They had been sitting in quiet contemplation, the sundae finished off between the two of them. Jake had forgone any sense of decorum and continued using her finger until she wiped the glass down and left it almost completely clean.
"Melodramatic much?" she threw back.
"I'm sorry; you've got the market cornered on melodrama. I shouldn't have tried to move in on your turf."
"Bella told me you were nice. Aren't you supposed to be nice?" she inquired as she scuffed her sneakers on the ground below. She didn't look particularly offended or upset, just amused at the whole situation.
"I guess I'm just tired of being nice. It hasn't gotten me very far." He looked over at Jake and watched her shake her head in understanding.
"Do you hate Scout?"
The question came without warning but he felt no need to lie. "Yeah, I do."
"Because he stole your girlfriend or because he's, you know..."
"Rich? I think I'd hate Scout if he was living in a cardboard box."
Jake sent a look his way that clearly told him she didn't believe a word of that.

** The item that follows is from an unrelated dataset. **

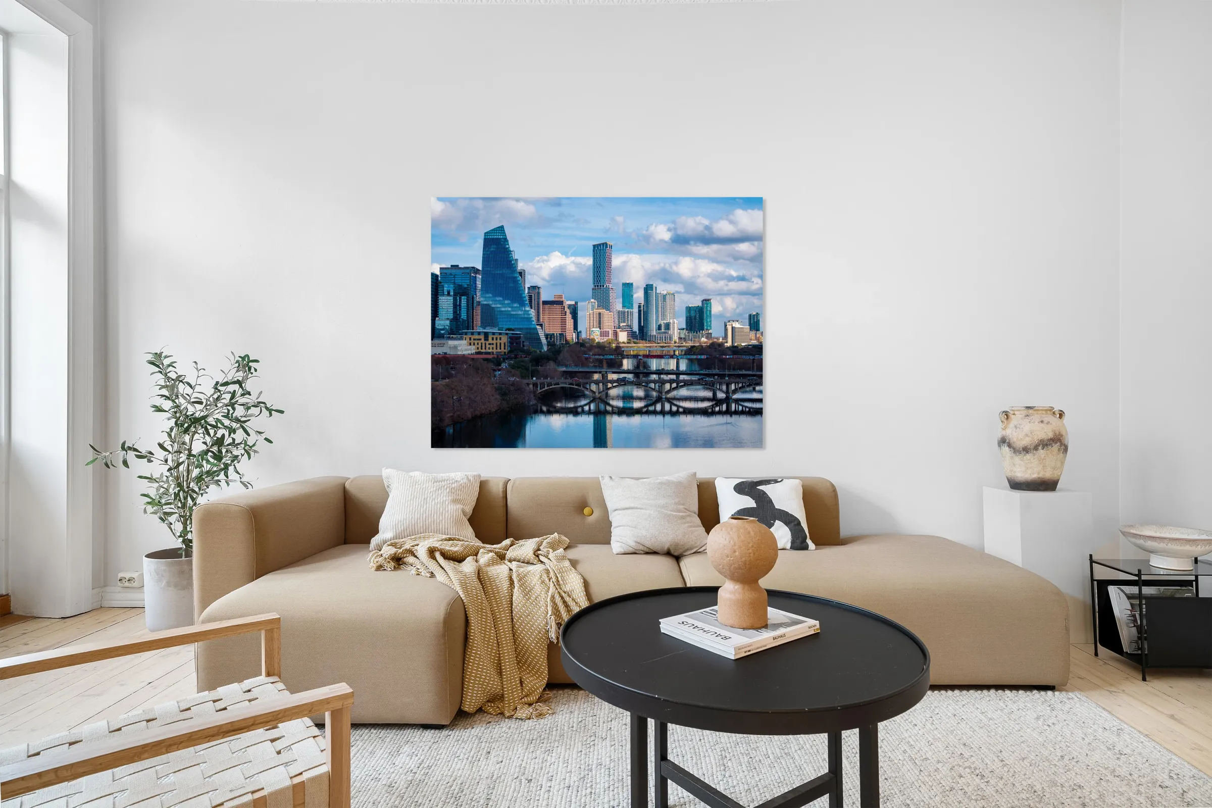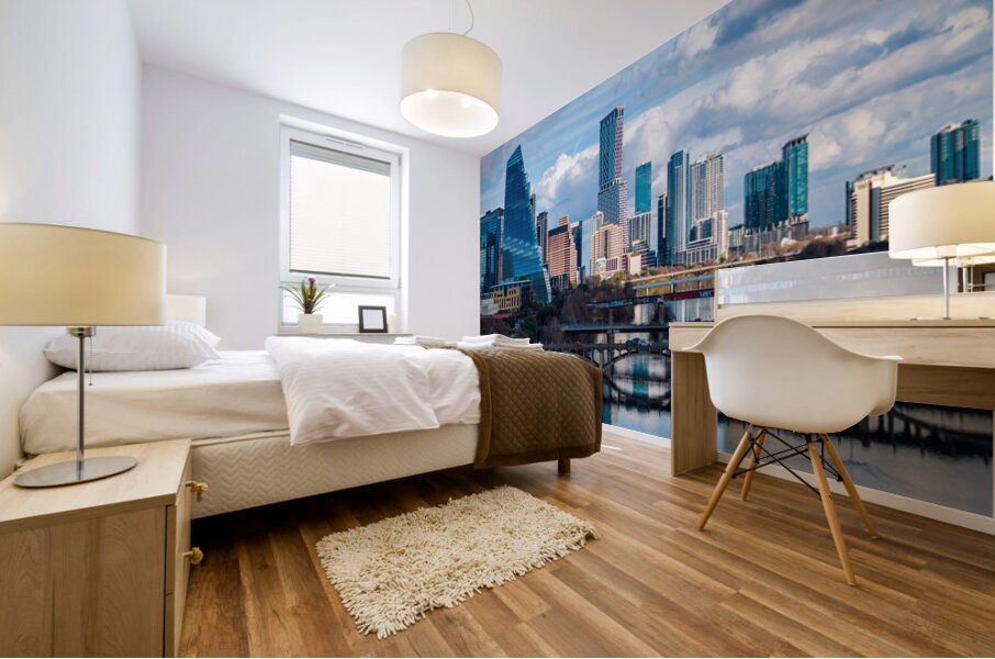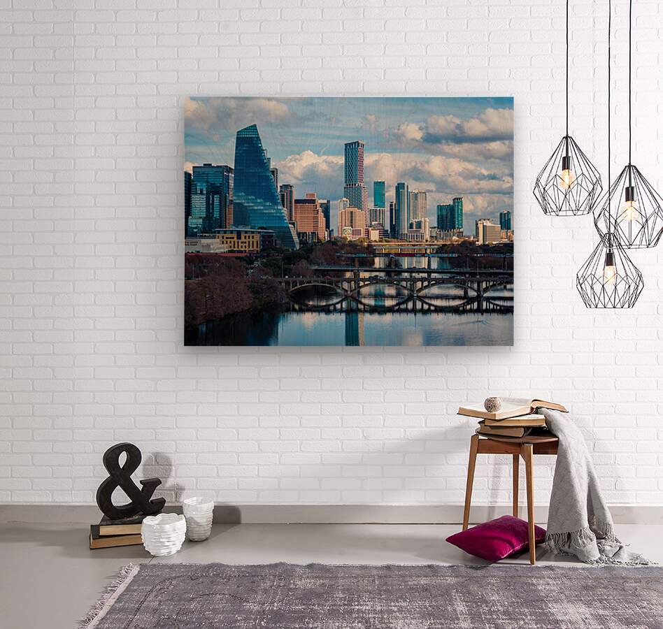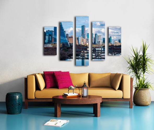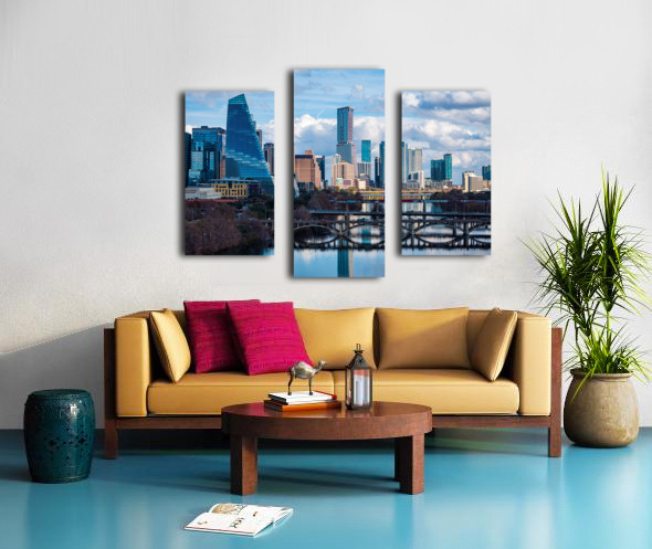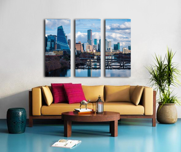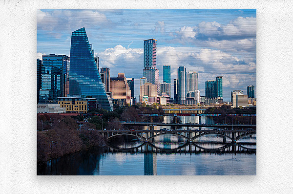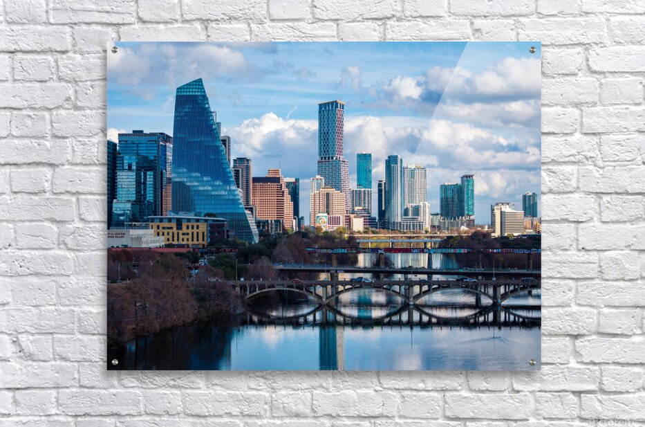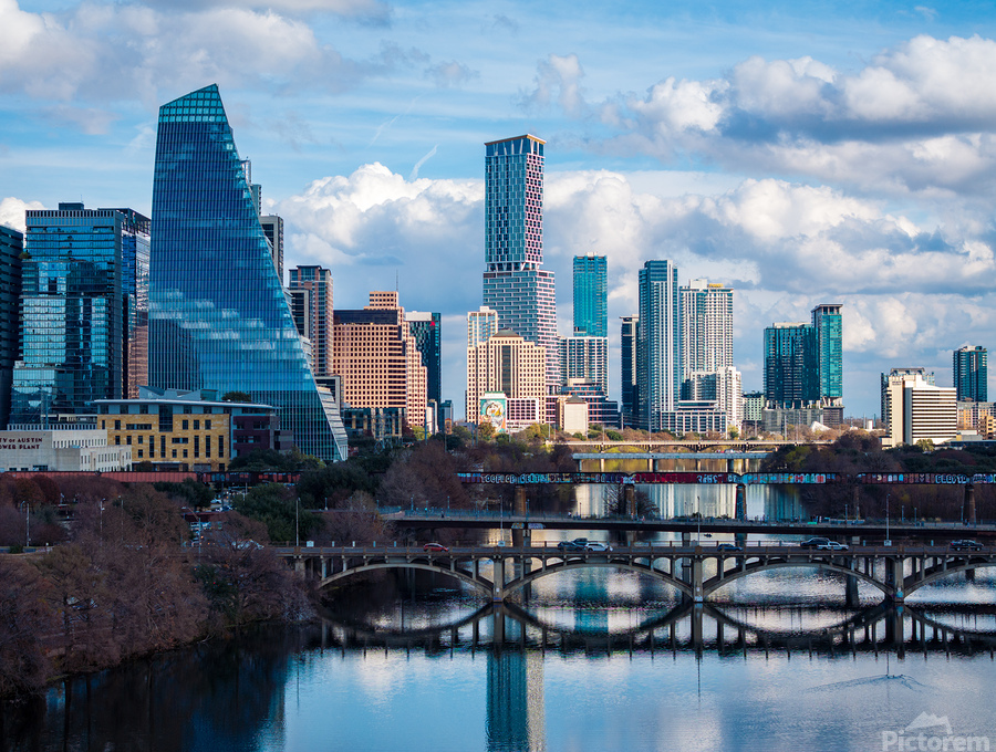 Stunning home decor print showcasing a detailed close-up of the Austin downtown skyline the Google Sail building and the river bridge. A crisp high-resolution view of the Texas capital city from the west highlighting the modern architecture and the peaceful reflection of the city in the waters of the Colorado River.

The first time that Sean realized Rawley Academy was a world apart from his own, he was just seven years old. His father had taken him to the lake to watch crew practice, and he had looked on in fascination as the oars sliced through the water and the boat glided as though flying. He thought of his prized baseball mitt at home and realized that rowing was so much better, so much more dignified. Rowing reminded him of the young men who came into the diner with shined loafers and perfect teeth, who the waitresses would always flirt with. He took his father hand and grinned up at him, promising him that when he was on crew at Rawley, he would win his first meet for him. And then his father sat him down, and explained to him the difference between Rawley and their town. Some people belong in one, while others belong in the other. And he had told Sean that just because he didn't belong in Rawley, it didn't matter because those boys didn't belong in his town, so he could have that all to himself. While Sean put on a brave face and said he understood, his father placed a hand on his shoulder and explained that the high-school he'd be going to would be full of pretty girls and his best friend, and that made him the luckiest boy he knew, anyway.

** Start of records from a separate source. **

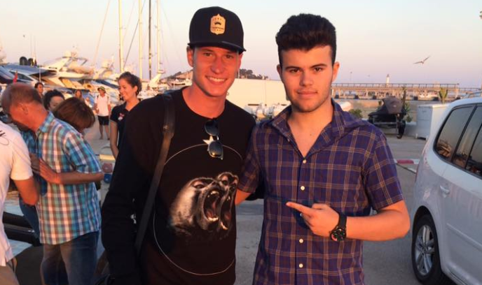 El futbolista germano, campeón del mundo con su selección en Brasil 2014, se ha mostrado muy simpático a su llegada a puerto y no ha dudado en hacerse una foto con Aarón, un aficionado.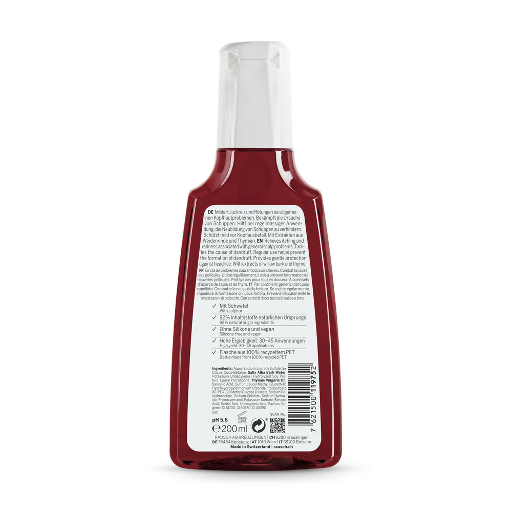 The RAUSCH range includes 13 shampoos and 1 exfoliating shampoo to meet all kinds of different needs, all developed and produced in Kreuzlingen near Lake Constance and made with a minimum of 89% ingredients of natural origin. This means we have the right product for your individual hair type and for every specific need – from shampoo to combat dandruff and hair loss to shampoo for dry or damaged hair.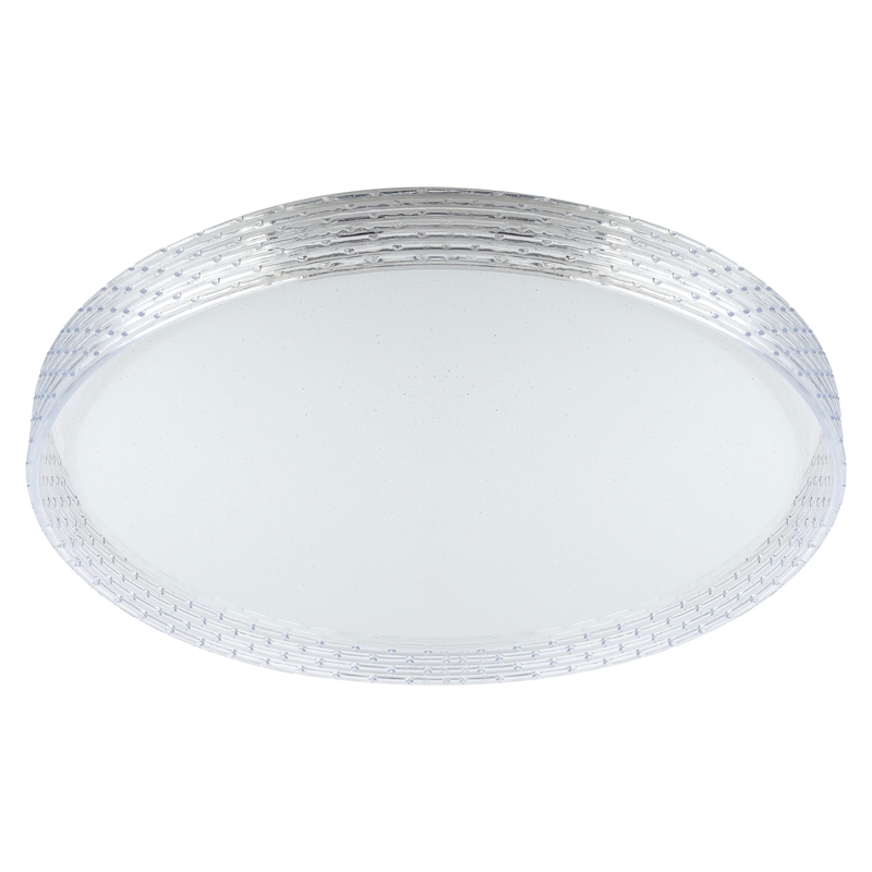 Светильник светодиодный потолочный ЭРА SPB-6-70-RC серии LIM отличается возможностью регулирования яркости светового потока и цветовой температуры. Пульт дистанционного управления имеет крупные кнопки с подсказками, очень удобен в использовании. Светильник можно расположить в уютной гостиной и менять яркость освещения в зависимости от настроения или необходимости. Цветовая температура регулируется в пределах от 3000 К до 6000 К. Диаметр корпуса составляет 51 см. Светодиодный светильник выполнен в классическом дизайне. На стальном корпусе располагается светодиодная плата, оснащенная современным и надежным драйвером. Матовый рассеиватель имеет декор, напоминающий звездное небо, он обрамлен прозрачным элементом под хрусталь. Подобная конструкция выглядит особенно выразительно в темное время суток, создавая уютную атмосферу с эффектным свечением вокруг корпуса лампы.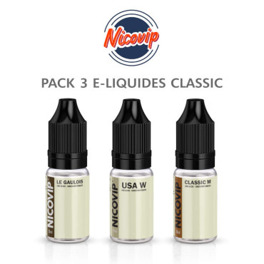 Ce pack 3 E-liquides Classic Nicovip pour cigarette électronique réunit trois références majeures de la gamme classic par la marque française Nicovip.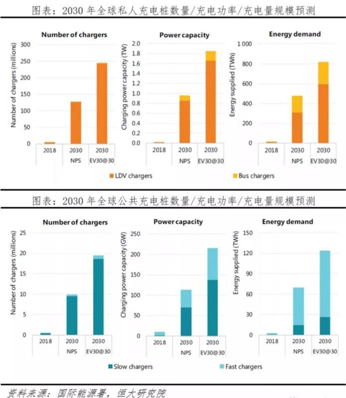 另外,從國際能源署IEA發(fā)布《Global EV Outlook 2019》報告和恒大研究院任澤平的研究上看,到2030年全球私人充電樁預(yù)計保有量分別達到12800-24500萬臺,總充電功率達1000-1800GW,總充電量達480-820TWh;公共充電樁預(yù)計保有量達到1000-2000萬臺,總充電功率113-215GW,總充電量70-124TWh。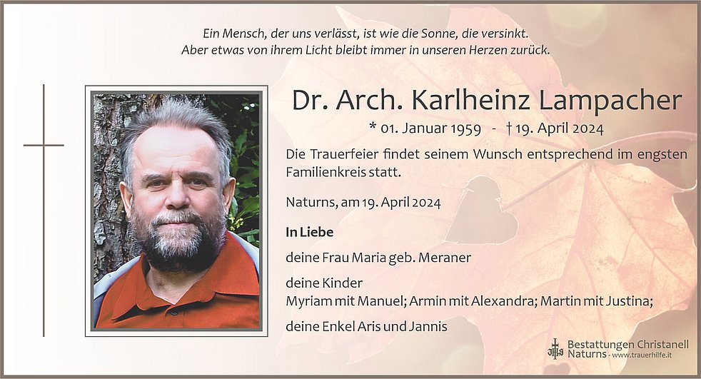 Die Trauerfeier findet seinem Wunsch entsprechend im engsten Familienkreis statt.

"How are things with Will?" she asked.
"What do you mean?"
"Well, from what I gather you're not too fond of Rawley, and your best friend has spent his freshman year there, while you were wiling away at public school. And besides, he's roommates with your mortal enemy. That's bound to cause friction. Has there been friction?" She punctuated her question by placing her elbow on her knee and propping her face up on her hand. It looked like a standard therapist pose and Sean laughed while wondering how many therapists Jake had been carted off to see in her young life.

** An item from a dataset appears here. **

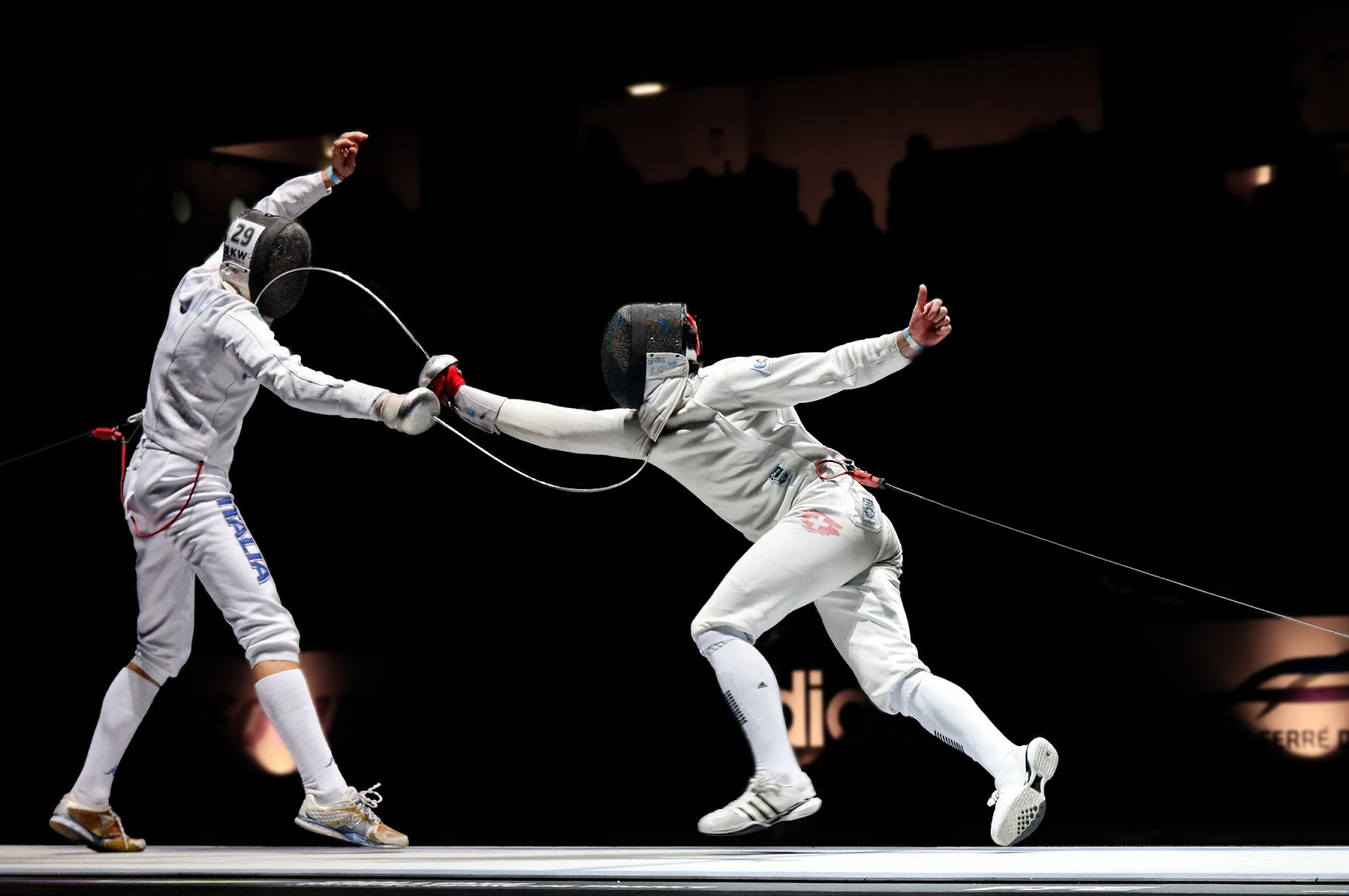 - Le cadrage : la photo a été assez sérieusement recadrés à 3,132 × 2,081 pixels pour 4288 x 2848 photosites d'origine. Le recadrage est parfait, il y a de l'air à droite qui renforce la poussée en avant de compétiteur suisse et la proximité du compétiteur italien avec le bord gauche renforce aussi le blocage de celui-ci ;

"You could say there was some 'friction'. But every friendship has friction."
"Hmm, I see. And how did it make you feel?" She pretended to jot something down in her lap with an imaginary pen, pushing an invisible pair of glasses up her nose.
"You gonna blame this on my mother?"
"That depends on how fucked up I find you. Now, carry on. You, Will, friction... sounds hot."
"Stop that right there."
Jake rolled her eyes and scoffed. "So typical. Why can't boys take a joke?"
"I'm sorry we're all not as comfortable with our sexuality like your boyfriend is."
Jake stared down at her lap, looking troubled. "I guess I'm just lucky."
Having brought up Hamilton, he realized this was the longest he had seen Jake without the boy present. Surprised, he looked down at her. "Where's the boyfriend, anyway, hiding in the bushes?"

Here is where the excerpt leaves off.